LEO, Law, Inside Culture
I’ve been to jail. Charlie has not. Until now. Once in cuffs you are on court/cop time. Things happen when the legal system wants them to happen. Tantrums just slow things down. Your best move is to shut the fuck up and do as you are told. Protip: when your cell mates tell you to take a shower, do it.

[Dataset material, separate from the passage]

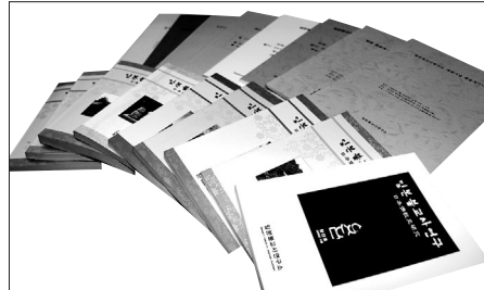
일본불교사연구소가 그동안 펴낸 자료집

학자들이 그동안 자신이 연구한 일본불교 논문을 연구소를 통해 발표했다. 또 △일본서적 번역 및 장학사업, 일본불

Did Charlie behave? No. If his mojo wasn’t bleeding, if he had the sense to chill out, none of this would be happening. It is happening. After booking and eventual placement in a pod, he refused the shower. Sheriff’s deputies arrived, he fought them, and is now in solitary once the nurse had a look at him.
According to Charlie his mojo is infinite, his family richer and more powerful than Jacob Rothschild, and he would sue the shit out of ojiisan, the Paradise Valley police, Humbold County sheriff’s department and the Pope for good measure. Charlie wasn’t supposed to be in jail, in bandages, and in solitary. He was supposed to be on a date with a hot waitress doing burnouts in a gymkhana car. Choices have consequences, Charlie.
It Doesn’t Take
So . . . if this weren’t Charlie, if the ending were a Hallmark moment, a dressing down by a trustee would go the way you hoped. Big speech by the trustee and that would unlock step one for Charlie. I’m out of space for this piece. So the big speech will have to wait for part two.
I spent a night in Santa Rita jail before Y2K. A trustee who had the top bunk asked me what I was doing there. I told him my story. I hit my son’s Mom in the face. Arrested, bench tried, convicted, sentenced to 5 years suspended with probation and anger management classes.
What the trustee said to me is that I didn’t belong in Santa Rita. I was too white, too upper-middle-class, too educated with a wife and son to do time. I listened, did the anger management classes, and stayed married until we moved to Richmond, VA in 2001. Charlie is more bougie than me. He has his MBA, had his peak mojo moment, and has been in freefall since. His mojo is pulsing out of an arterial bleed in his soul. It’s not over for him. It won’t get better.